The Rub: A Memphis style dry rub?

  • 3 parts brown sugar
  • 2 parts garlic powder
  • 2 parts paprika
  • 1 part Kosher Salt
  • 1 part ground black pepper

The Sauce: “Papa’s Sauce”

  • Apple Cider Vinegar
  • Red Pepper Flakes
  • Salt
  • Brown Sugar
  • Black Pepper

I keep a gallon of this sauce in the pantry at all times and give it a good shake whenever I see it. No, I didn’t give the portions- not really a secret but I have always done it by feel and intuition. When the meat is pulled and shredded, I squirt a bit on it and toss the meat, but not an amount that would saturate it. I give a little shot more over the meat just before serving it. My boy’s call this Eastern Style Sauce “Papas” because that is what their granddad, my father-in-law, has used in his family for generations. *Note there is NO tomato sauce or catsup in this.

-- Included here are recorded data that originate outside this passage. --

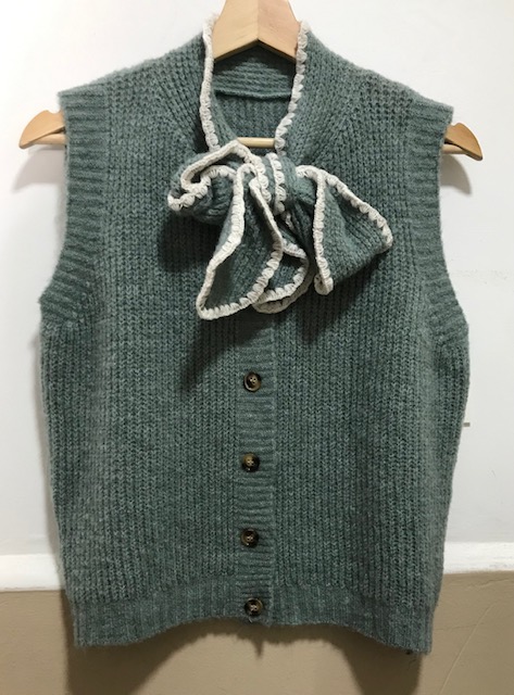 Chaleco punto., manga a la sisa , cierre frontal con botones,
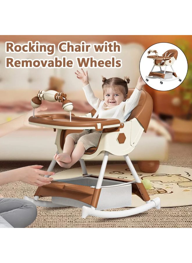 كرسي طعام أطفال 3 في 1 متعدد الوظائف | يتحول لكرسي هزاز وطاولة لعب وتركيب مكعبات | نظام جلوس متكامل للرضع والأطفال الصغار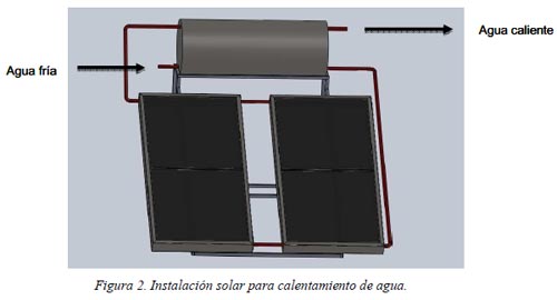 La instalación solar a estudiar tiene dos colectores solares planos de 2 m2 de área bruta cada uno, y un tanque de almacenamiento de 215 L. Los colectores solares se posicionan con 30º de inclinación, mirando al norte (Figura 2). El consumo de agua caliente de la instalación se fija en 240 L diarios, a 45 ºC de temperatura, y se considera la temperatura del agua fría igual a 18 ºC.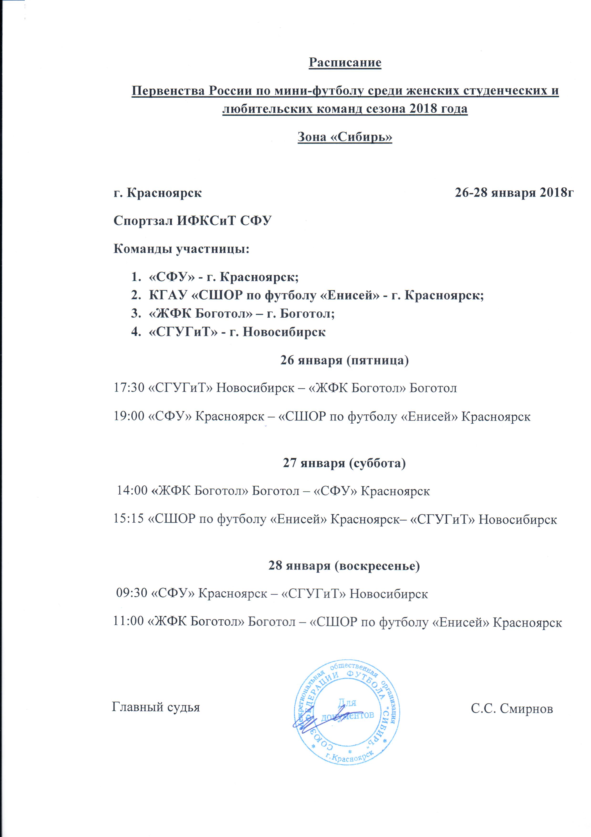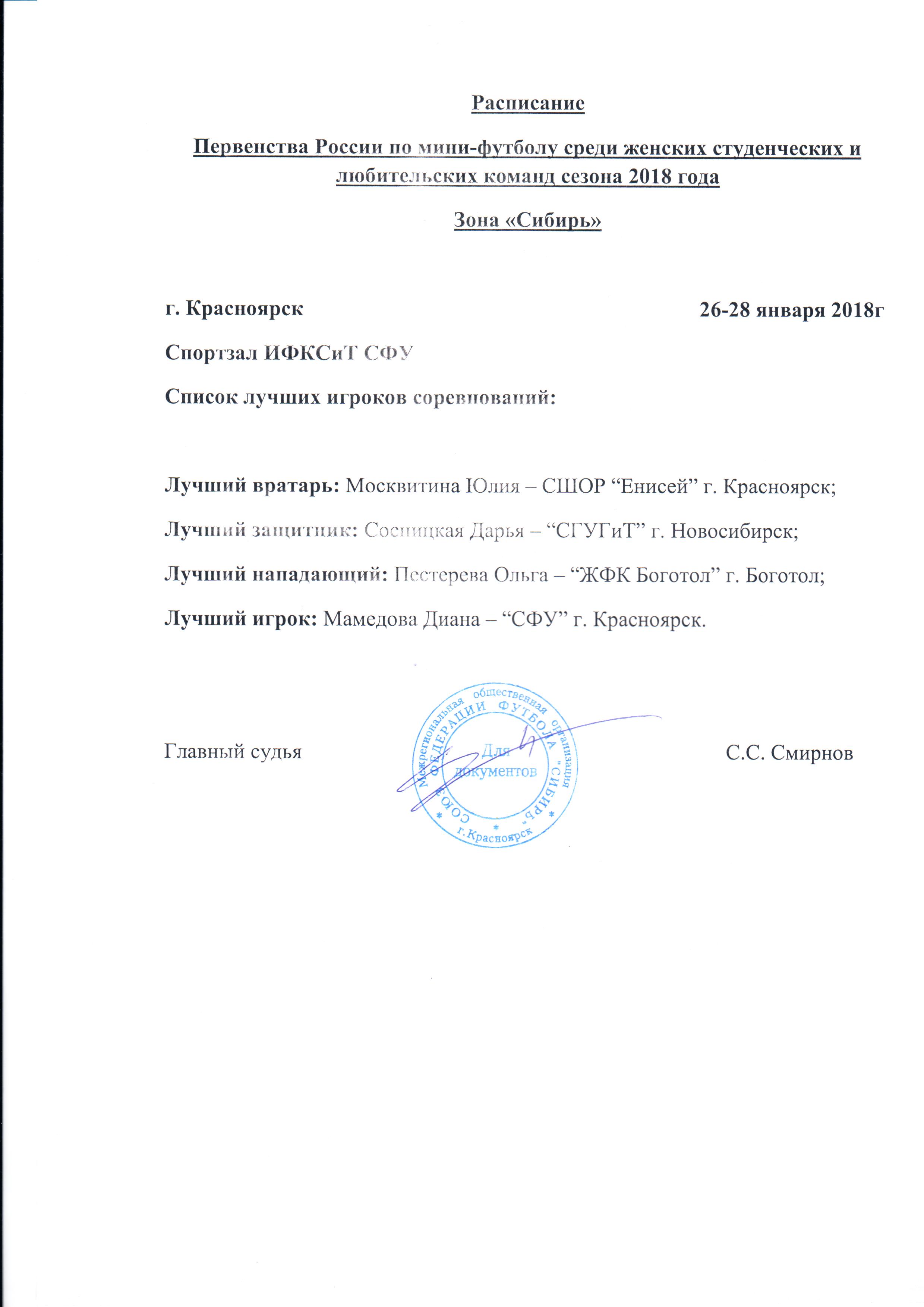 В период 26-28 января 2018г. в СК "СФУ" г. Красноярск, прошли соревнования "Первенства России по мини-футболу среди женских любительских команд (1 лига) зона "Сибирь" 2018г." Итоги соревнований можете посмотреть ниже.

The Slaw: “Hot Slaw”, a recipe developed over time in our house.

  • 1/2 head of medium cabbage, shredded
  • 1/2 head of cabbage, dice the crisp white parts
  • 1/2 Vidalia Onion, diced
  • 1/2 Vidalia Onion, shredded (nearly pureed)
  • 4 stalks of celery, sliced into paper thin pieces
  • 1 fresh Red Hot Chili Pepper, finely diced- include seeds
  • 1 cup of Dukes Mayonnaise
  • 1 cup of my Papa’s BBQ sauce
  • 1/4 cup white sugar
  • 2 tablespoons of honey
  • Salt and black pepper

Whisk the Mayo and vinegar sauce. The stir in everything except for the cabbage to make the dressing. Stir in equal parts of the shredded and diced cabbage until the slaw is coated, but not drenched. It is spicy and the sauce is too.

The Sandwich.

Warm Pepperidge Farm Sweet Slider Rolls in the oven. Place meat, then a spoon full of sauce and a mound of slaw. Serve on a paper towel or a Chinet plate.

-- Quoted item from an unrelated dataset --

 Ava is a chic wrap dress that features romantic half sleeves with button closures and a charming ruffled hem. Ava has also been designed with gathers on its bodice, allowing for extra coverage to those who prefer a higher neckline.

* We also like a thick, toasted piece of white bread in the summertime.

* Tomato sauce in the sauce just never became my thing, but a big slice of a homegrown tomato is great on this sandwich in the middle of summer!

 

How I prepare my fire.

Some BBQ guys would never give up their recipe. To me, no two BBQ preparations will be the same as long as a different pit is used and a different cook is manning it. I have cooked pork BBQ many ways, from whole hogs in the ground, to steel drum pits. I cook this recipe over and over, year end and year out in my extra large Big Green Egg. I would argue that even that BGE is unique. It is seasoned from nearly a decade of loving cooking with a deep black crust inside of it. It rests in a brick and soapstone bar in my back yard. If I moved and the new owner insisted on having this grill, I would buy him a new one and take mine.

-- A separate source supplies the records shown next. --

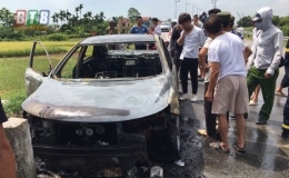 Vũ Thư: Xe ô tô đang chạy bất ngờ bị bốc cháy do rơm cuốn vào bánh xe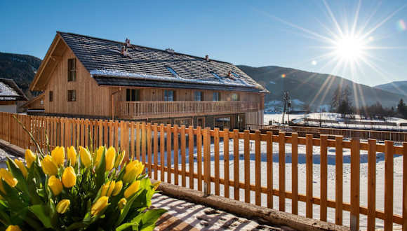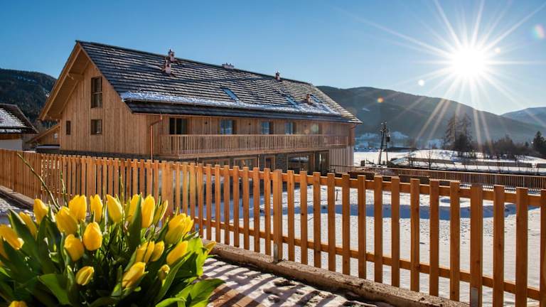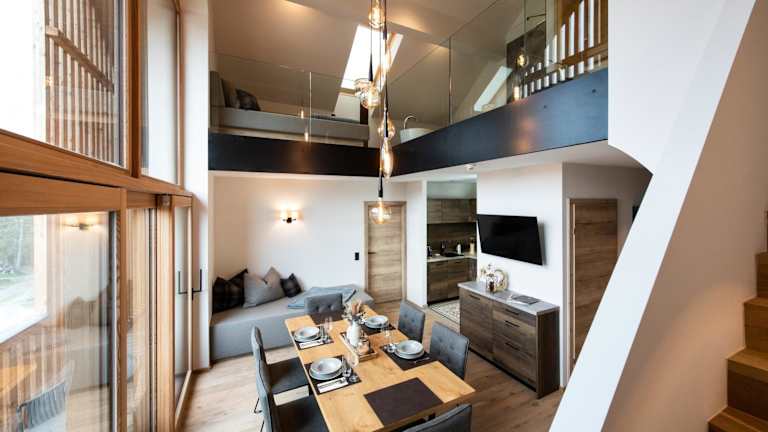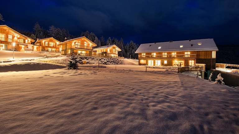 Die Architektur der Chalets vereint modernen Komfort mit urigem alpinen Flair. Die Anlage umfasst 17 Gebäude auf einer Fläche von 1,2 ha und bietet eine einzigartige Kombination aus Wohlergehen und naturnahem Erlebnis. Ein natürlicher Schwimmteich mit Terrasse lädt zum Baden und Entspannen ein. Ein Wellnessbereich mit Sauna und Massageanwendungen sorgt für Entspannung.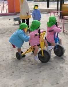 三輪車遊びの三人!仲良く遊んでいました。

When I start my fire, I make a pyramid of oak lump charcoal and large, dry hickory chucks. I ignite the fire with a benzene weed torch and let it burn until all of the coals have ashed over. I place a ceramic plate setter (baffle) under the grate to shield the meat from direct heat, reflect radiant heat, and serve as a platform for the juices to sizzle from. I place the meat on the grate fat side up and never turn it. I close the carburetors to cook at 210 degrees. Typically, I don’t have to make any adjustments to the airflow until the last hour or two. I just watch the thin blue smoke and smell the aroma all day.

* Roy is my little known and often “hidden”, God-given first name. It is my dad’s “real” name, his dad’s real name, and his dad’s real name too. Although we are Scots-Irish it means King in French. Not a bad name for a bunch of horse thieves. I have red hair and have been called a redneck a time or two also.